人と親しくなるということは、同時に猜疑心で苦しむことの始まりを意味するので、警戒心が強く、秘密主義で、なかなか人に心を開くことが出来ないのです。
このようなタイプの人を、ここでは「パトロールくん」と呼ぶことにします。

パトロールくんは、プライドが高く、仲間と親しい関係を和気あいあいと楽しむこともないし、気心知れた関係を持つこともありません。
なぜなら「人は裏切るものだ」と心のどこかで信念めいたものを持っているため、常に人の心の動きに対して、パトロールに余念がないのです。
セキュリティも万全にしなければ気が済まないし、常にガードを固くしているため、やりとりをしていても、緊張した硬さを感じさせます。
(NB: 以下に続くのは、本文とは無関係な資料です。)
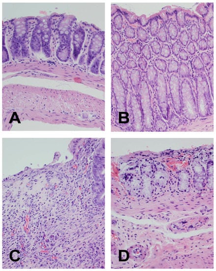 Inflammatory bowel disease (IBD) is a chronic and relapsing disease, and is an important clinical problem. IBD is characterized as the chronic dysregulation of the mucosal immune system in the gastrointestinal tract; however, its pathogenesis is still unclear. To investigate the mechanism, pathophysiology, and new methods of treatment of IBD, various animal models of experimental colitis were developed [,,]. TNBS-induced models of colitis, typical for Crohn’s disease, result in inadequate cell-mediated immune response, and acute Th1 inflammation, which includes a dense colonic tissue infiltration by cluster of differentiation 4 (CD4) T cells, and the release of numerous potent pro-inflammatory agents. Clinical manifestations of acute colitis in animals include inconsistent stool formation, occult, or even bloody diarrhea, loss of body weight, piloerection of fur, decreased movements of the animals, and death [].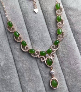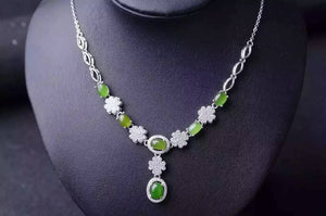 Collana di diaspro verde naturale Collana con pendente di pietre preziose naturali S925 Argento sterling trendy ed elegante Fiori da donna Gioielli da festa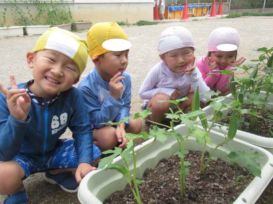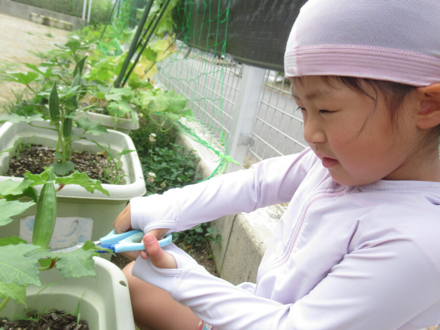 どきどきさんのオクラがたくさんなったので今日は朝から収穫をしました!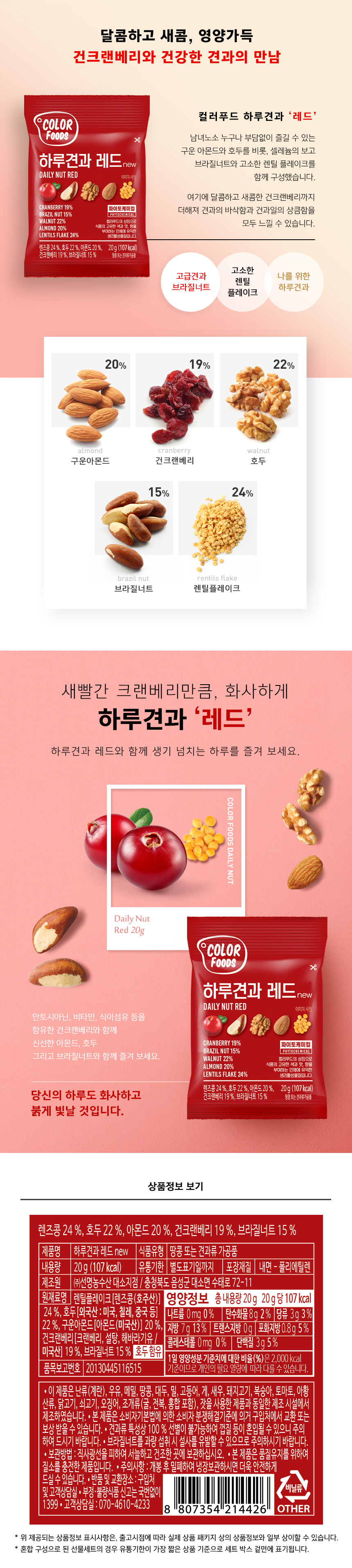 [컬러푸드] 매일매일 골라먹는 하루견과 레드 200g(20g*10봉) * 3봉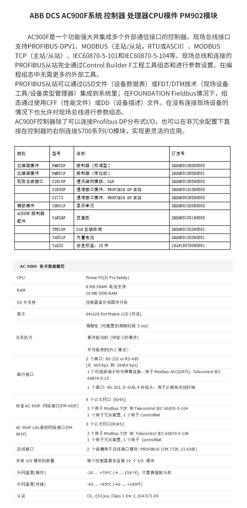 Módulo CPU del controlador del sistema ABB DCS AC900F, módulo PM902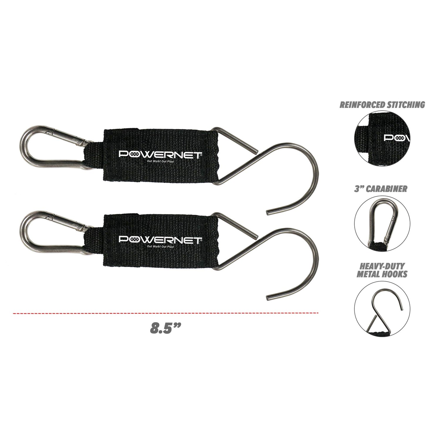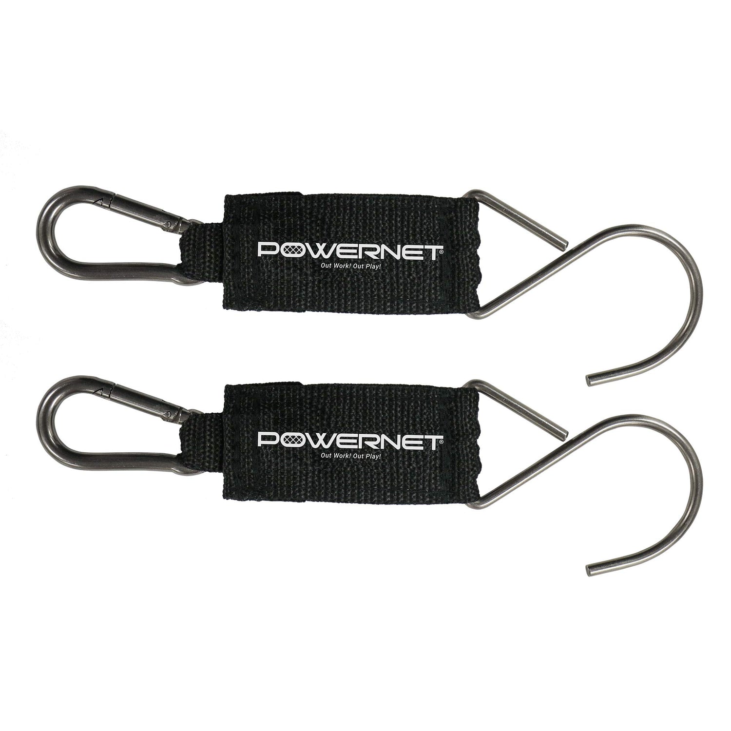 - DURABLE: Each PowerNet Fence Hook has a 3-inch stainless steel carabiner on one end and a stainless steel hook on the other end. The heavy-duty canvas strip has reinforced stitching for durability. Set includes two PowerNet Fence Hooks

パトロールくんの心の中はいつも猜疑心でいっぱいなのですが、その中をさらに深く見ていくと、実は「幼い子ども」が眠っているのです。
ですから、一旦心を許すと、今度は眠っていた「幼い子ども」が一気に活性化され、相手は自分のためだけに存在する、自分の所有物だと思い込むようになるのです。

所有物は、意志を持ってはいけません。
されるがままでなければならないのです。
仕事関係であろうとも、プライベートであろうとも。

仕事関係であれば、どんな要望にでも応じることを求めますし、プライベートであれば、相手が自分の知らない世界を持とうものなら、嫉妬の炎がメラメラと燃え出し、どこで何をしているのかを逐一知ろうとしてきます。
パトロールくんにとって愛と憎しみの壁はほとんど無いに等しいので、双方を激しく行ったり来たりするのです。
つまり、心を許した瞬間から「いつか裏切るんじゃないか」という疑いが心を支配するようになり、目を光らせて相手の素行を監視しようとする、これがパトロールくんの心の姿なのです。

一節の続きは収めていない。